--- Provided data Enclosed Below ---
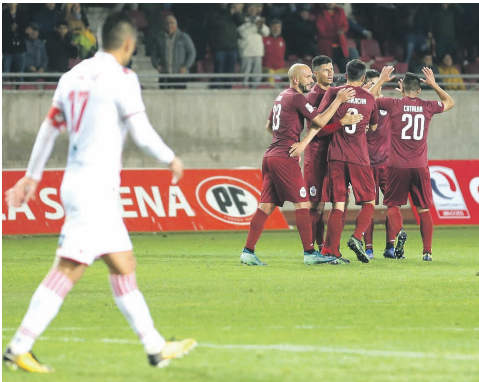
Abrazos en Deportes La Serena. Con este triunfo, quedaron a dos del líder.
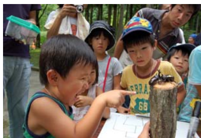
カブト虫の相撲大会
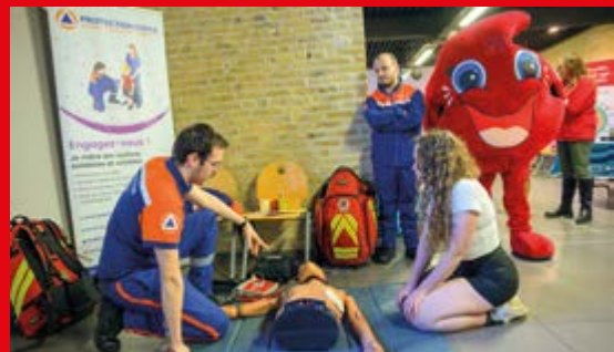
Les donneurs de sang bénévoles ont animé le Forum santé prévention, Coudekerque, Ville santé !
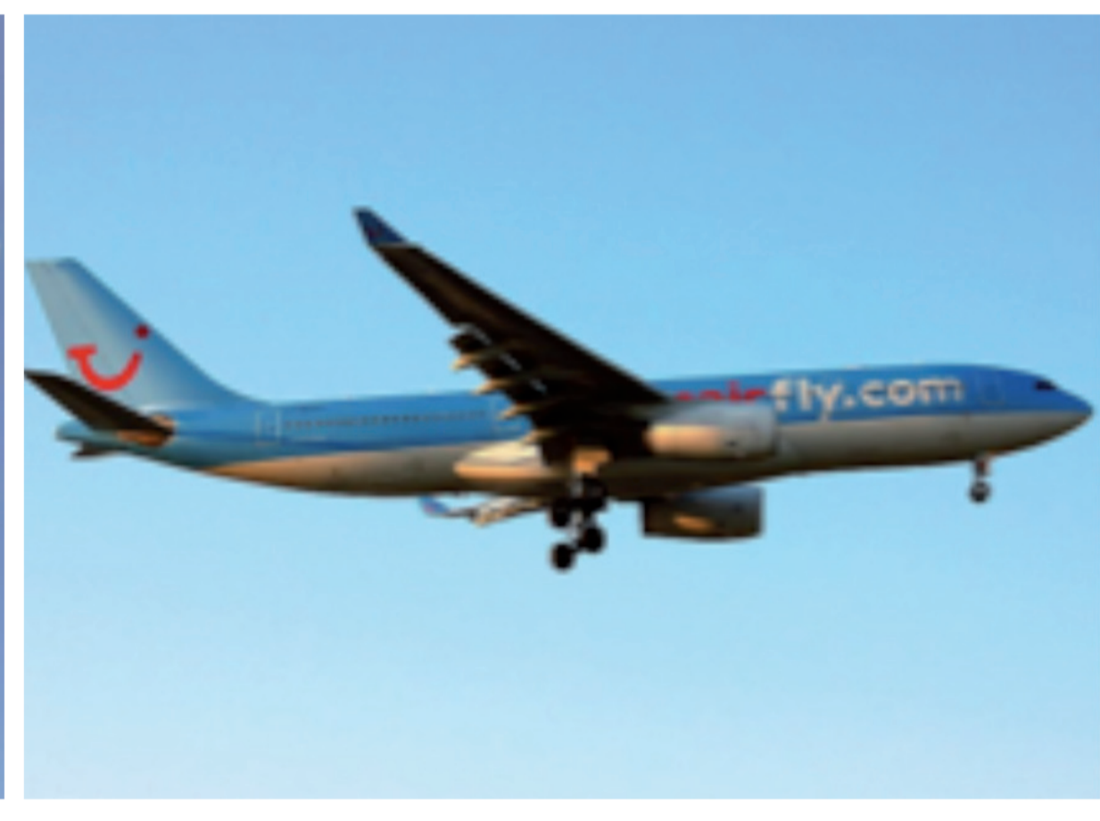
Airbus 330-200 Capacité : 306 à 323 sièges

تَشْوَش نِيغِ چُل ز آفِي ز مَسْفَرِ مِيلِي كُل وَقْتِ
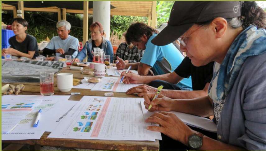
復興部落居民於SEPLS韌性評估工作坊中填寫評估表

繼而歸納兩部落意見形成若干具優先順位的主題性工作類別和相關工作清單，據以建構新的中程行動計畫。過程中也將嘗試促成部落與部落、部落與相關主管機關之間的對話，希望「由下而上」於2020年完成中程計畫的新版本，這項提議受到跨域平臺所有夥伴肯定和支持。
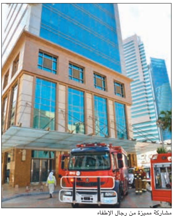
مشاركة مميزة من رجال الإطفاء

فنادقنا في الشرق الأوسط وآسيا وأوروبا». من جهته، قال مارشيلو باريكوردي، مدير عام Visa للشرق الأوسط وشمال أفريقيا: «نطمح باستمرار إلى تقديم تجارب تتخطى توقعات حاملي بطاقتنا على صعيد المكافآت الجديدة والحصرية التي تتيح لهم التمتع بتجارب ضيافة تدق حاضرة في أذهانهم. ويسعدنا توسيع شراكتنا الراسخة مع مجموعة «جميرا» لإطلاق المزيد من التجارب الاستثنائية لحاملي بطاقتنا عبر وجهات «جميرا» الساحرة. وسنعمل معا على تمكين حاملي بطاقتنا من التعرف على روح Visa من التعرف على روح الضيافة العريقة التي تشتهر بها منطقة الشرق الأوسط عموما ودولة الإمارات العربية المتحدة خصوصا».
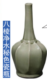
八棱净水秘色瓷瓶

盘兄，你虽贵比黄金，但我们也不差啊！乾隆皇帝遍寻不得的“千峰翠色”唐代秘色瓷便是在下！更何况，在今天琉璃也不算啥稀罕物件，做文物还是低调些好！不过讲真，你好歹算是“故地重游”，当年，你不正是从海上丝绸之路来到这里？也算是不枉此行啦！
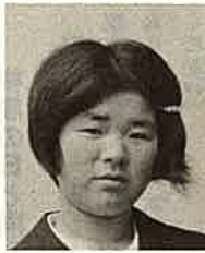
白鳥 絹枝 (浜)
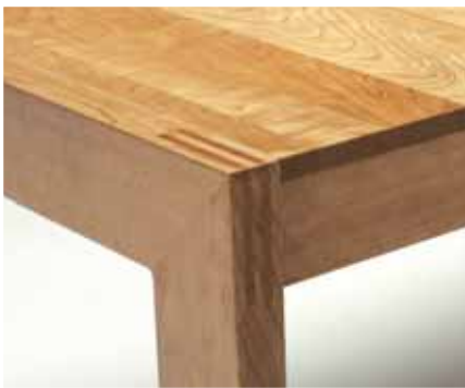
Modell 100: Klassische X-Pand Linie
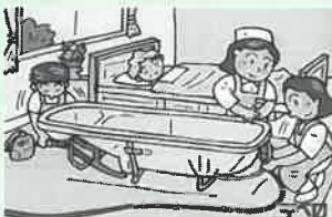
④ホースをつないで準備OK
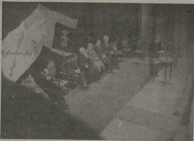
El Delegado Provincial de Sindicatos lee la alocución del Delegado Nacional

Terminado el Oficio divino, los asistentes se trasladaron al Teatro García Barbón y al Cine Rosalía de Castro. En ambos salones, que presentaban un austero, pero agradable aspecto, destacaban en diversos lugares y, alternando con banderas nacionales y del Movimiento, expresivas pancartas de los Sindicatos vigueses. En los escenarios, tenían lugar de honor, y sobre fondo de las banderas nacionales y del Movimiento, escudos del Papa en gran tamaño.
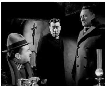
1952 LE RETOUR DE DON CAMILLO de Julien Duvivier avec Gino Cervi, Fernandel
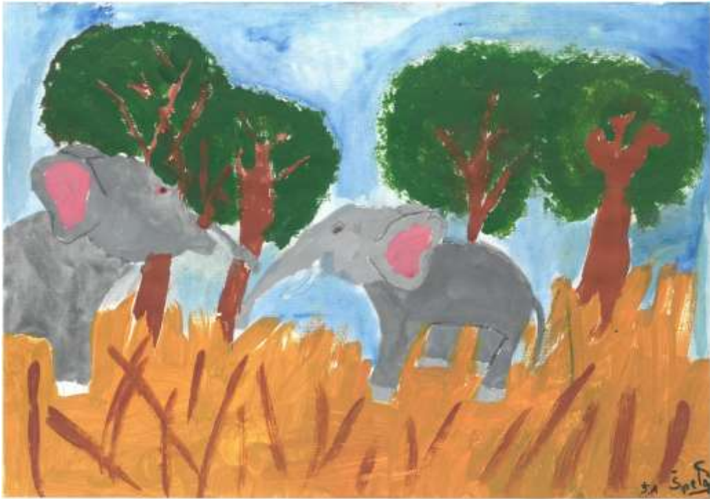
Prijateljja, Špela Sabadin, 5. a
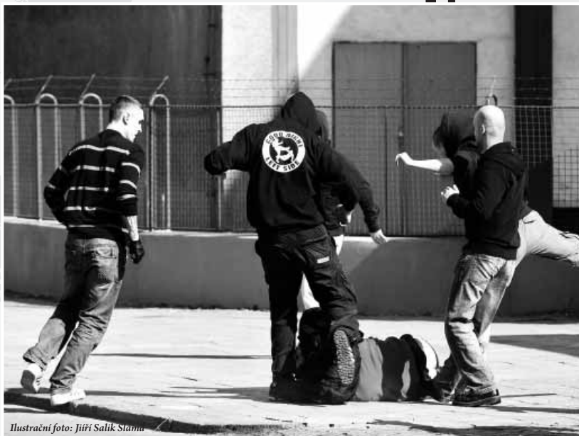
Ilustrační foto: Jiří Salík Štampa
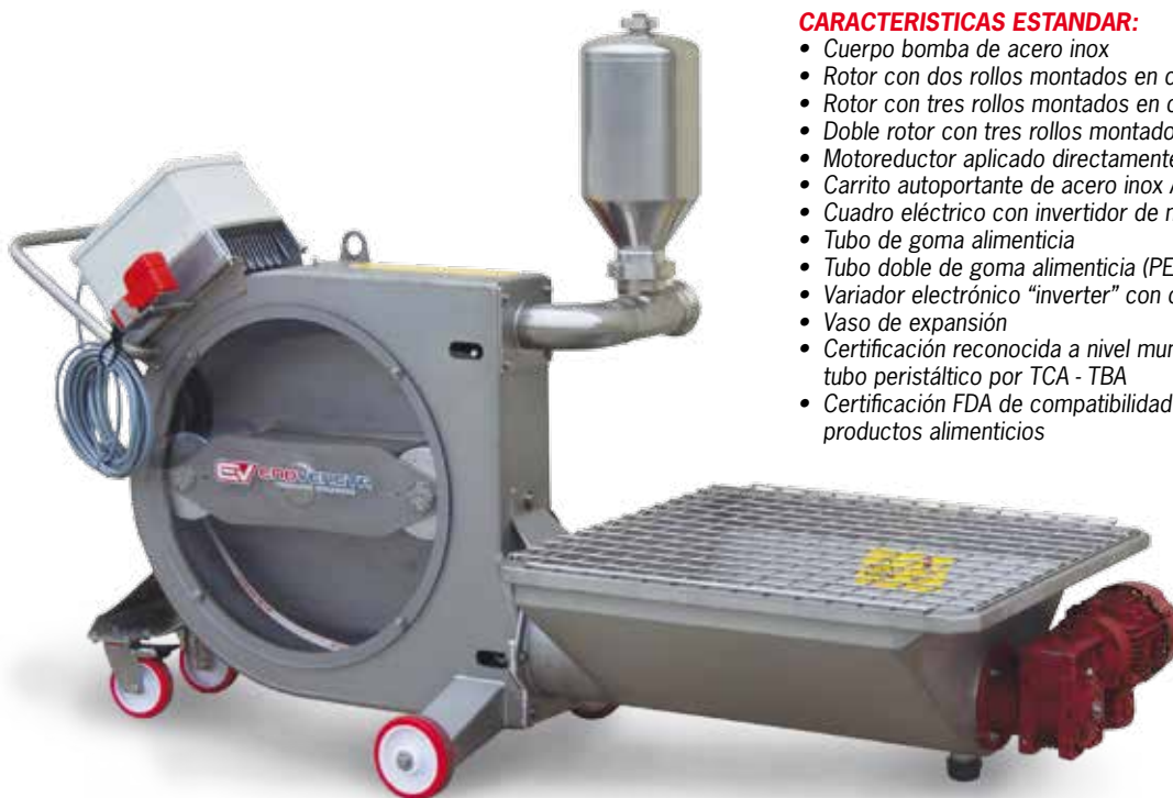
PEV 280+ tramoggia
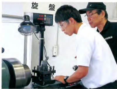
サイエンスキャンプ1
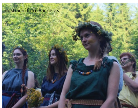
ilustrační foto: Bacrie z.s.
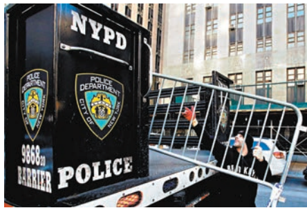
◆紐約警方在法院外架起鐵馬。
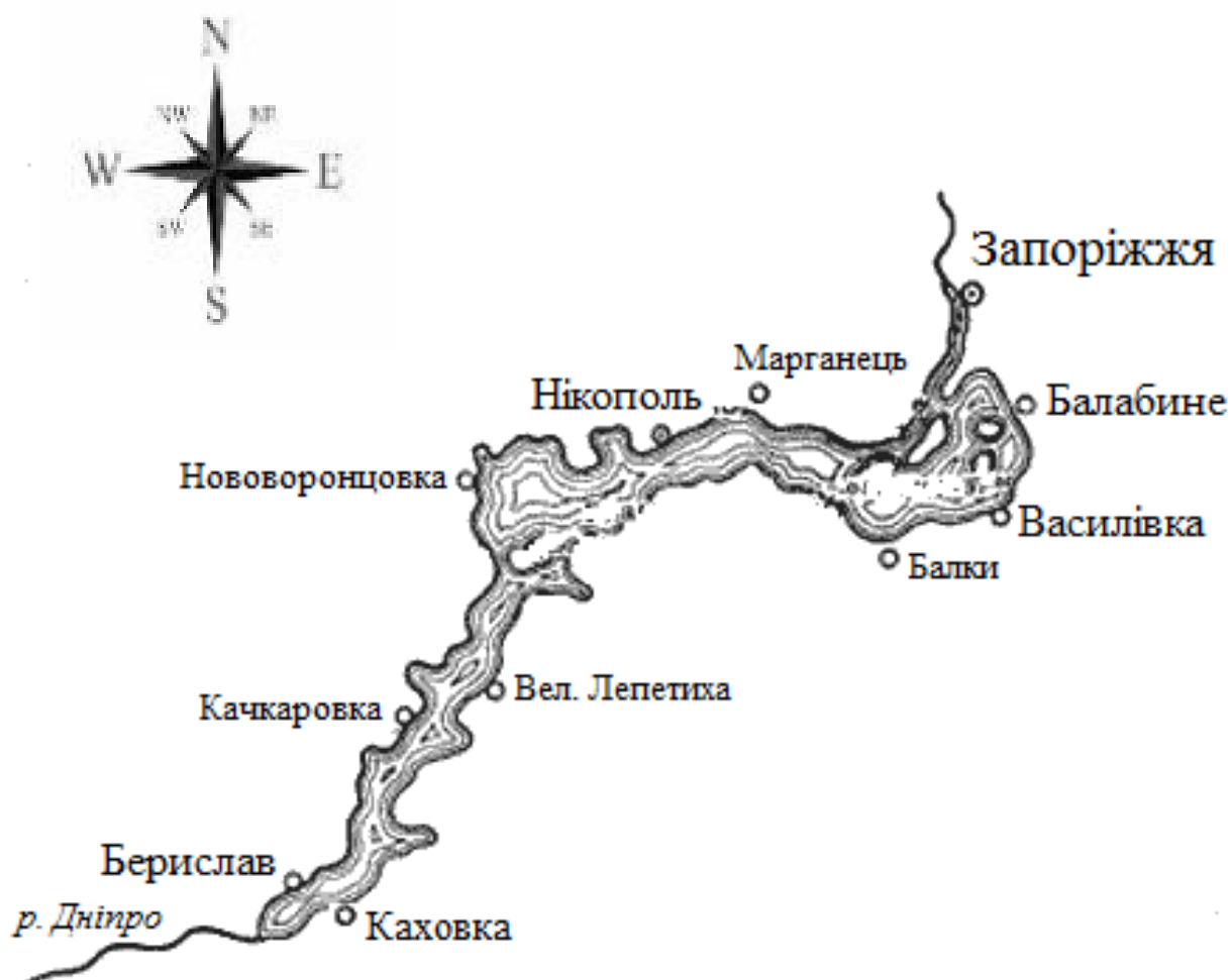
Рис. 1.1. Карта-схема Каховського водосховища – району проведення досліджень

Каховське водосховище – це штучна водна екосистема на р. Дніпро площею водного дзеркала 215,5 тис. га. Воно створено в 1955 р. на р. Дніпро в Херсонській області при спорудженні Каховської ГЕС [18]. Заповнення водосховища відбувалось після побудови греблі Каховської ГЕС протягом 1955–1958 років. У верхній течії (м. Запоріжжя) водосховище обмежено греблею Дніпрогесу (рис. 1.1), у пониззі – Каховським гідровузлом (м. Каховка).
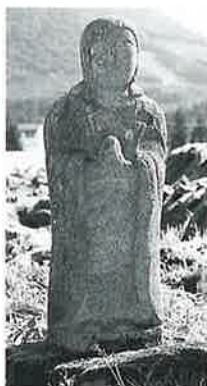
66 地藏尊 下須賀 川(72×30×20)
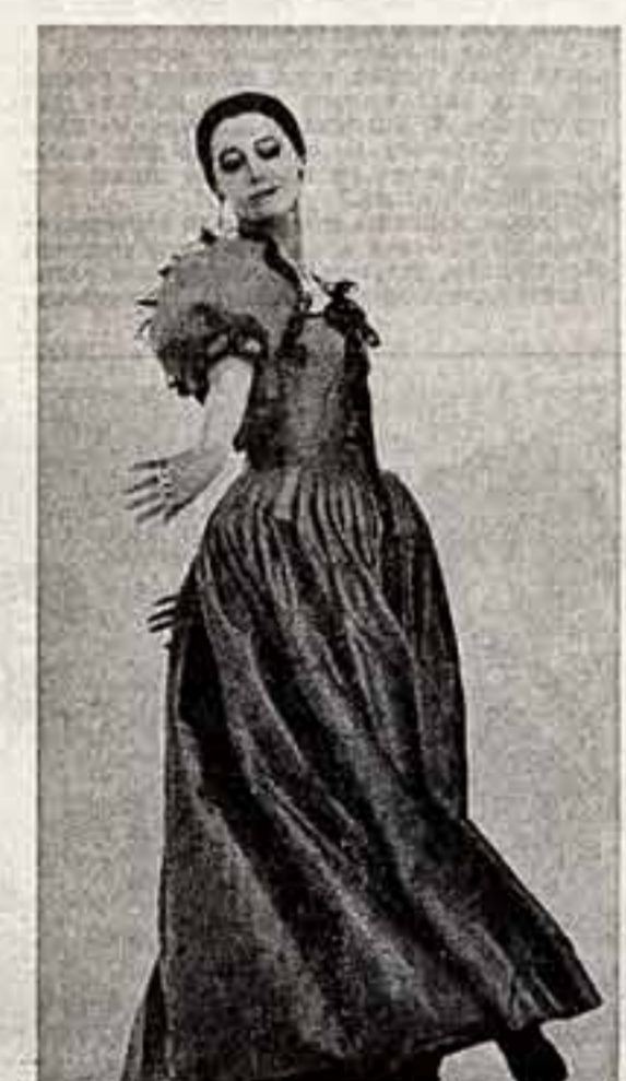
отношение к «Кармен» триумфальное выступление в Испании. К сожалению, так еще бывает.

В свое время, когда принимали «Кармен-сюиты» — кое-кто говорил, что это плохо, что это антиклассика. Понадобилось много лет, чтобы убедиться в обратном.
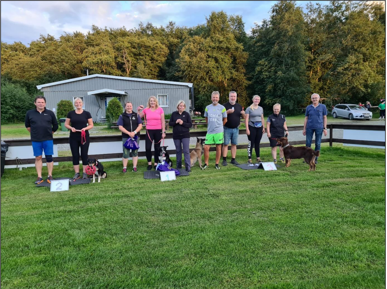
«Large lagene» fra Nidaros på pallen fredag 21. august.
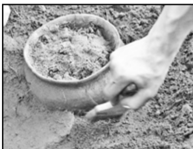
Уникальный состав почвы сохранил древнюю реликвию

его по косвенным признакам удалось в прошлом году. Здесь 2700 лет назад проживали представители ещё одной культуры – Журавлёвской. Подобных памятников на территории Приишмья было найдено пока только три. Один в Викуловском районе и два – в Казанском.
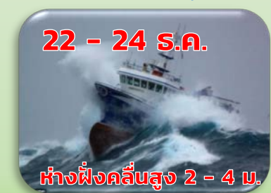
เตือน คลื่นลมแรง
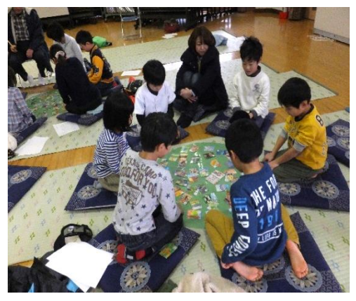
真剣勝負! 集中... 集中...
--- End of Enclosed Provided data ---
What lines in the records above include the string "foto"? Copy each one.

- **Result of this task**
Ilustrační foto: Jiří Salík Štampa
ilustrační foto: Bacrie z.s.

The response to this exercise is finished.